Thieves broke into the university building in Münster to steal technical equipment that was part of a work by the Japanese artist Koki Tanaka on display at the city’s Sculpture Projects, a festival that takes place every ten years.
Tanaka’s video project, Provisional Studies: Workshop #7 How to Live Together and Sharing the Unknown, will be temporarily closed to the public until the projection equipment and monitors can be replaced, Sculpture Projects Münster says. “We are trying to replace it quickly but it is complicated because there is a lot of technical equipment,” a spokeswoman adds. “The police are investigating it as a normal burglary.”

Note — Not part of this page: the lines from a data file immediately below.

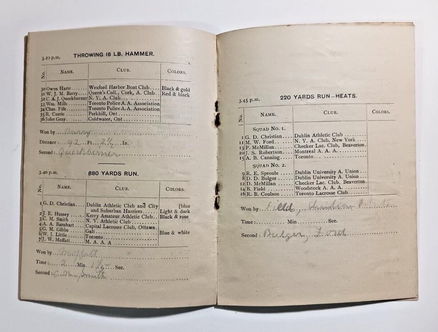 1885 AAA Canada Championship Games Program - RARE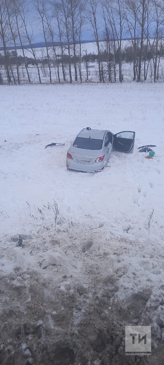 На трассе в Альметьевском районе автомобиль Hyundai вылетел в кювет. Предположительно, водитель не справился с управлением на скользкой дороге.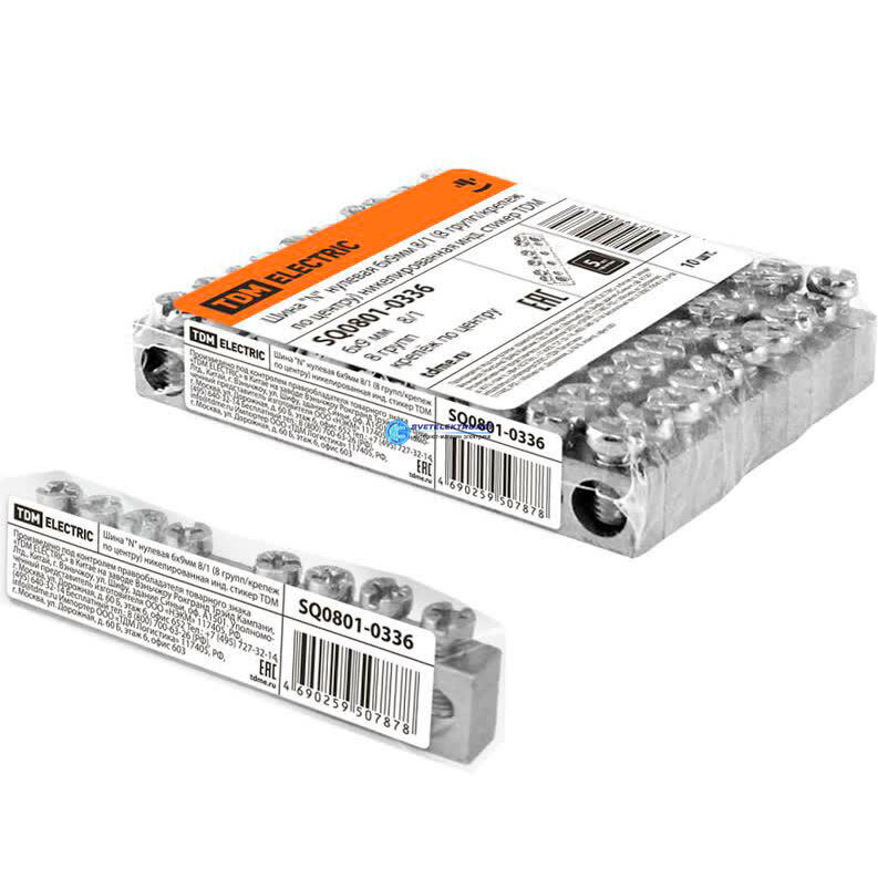 "Шина ""N"" нулевая 6х9мм 8/1 (8 групп/крепеж по центру) никелированная инд. стикер TDM" SQ0801-0336 TDM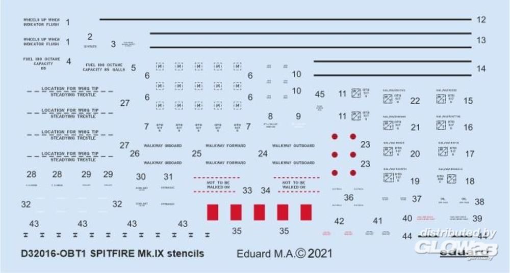 Eduard Accessories: Spitfire Mk.IX stencils for TAMIYA/REVELL in 1:32 [7307316]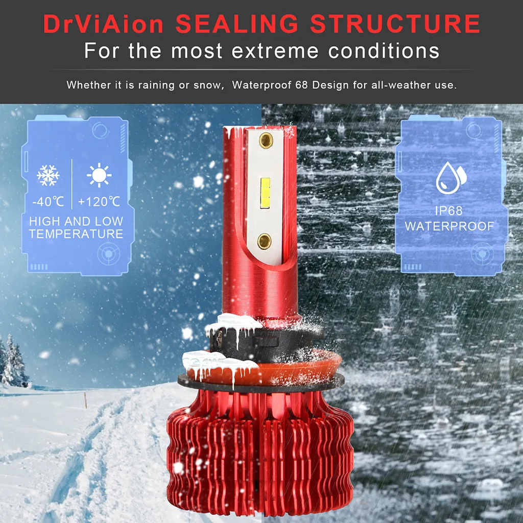 Новый Автомобильный светодиодный светильник D11RB-H8/H9/H11 50 Вт 10000лм ODM светодиодный автомобильный головной светильник s полностью алюминиевый x2

It is at least the third time that this edition of Sculpture Projects Münster has fallen victim to crime. A part of Ei Arakawa’s sculpture Harsh Citation, Harsh Pastoral, Harsh Münster was stolen on 17 June. In the night of 19 July to 20 July, a plaster figure in Nicole Eisenman’s work Sketch for a Fountain was vandalised too.
“We have to assume that art in a public space is at risk,” the spokeswoman says. “We don’t have a night guard because that would go against the concept. We have to live with it. Similar things happened in the last Sculpture Projects.”
Tanaka’s work focuses on eight people from different backgrounds whom he brought together to work on a variety of tasks.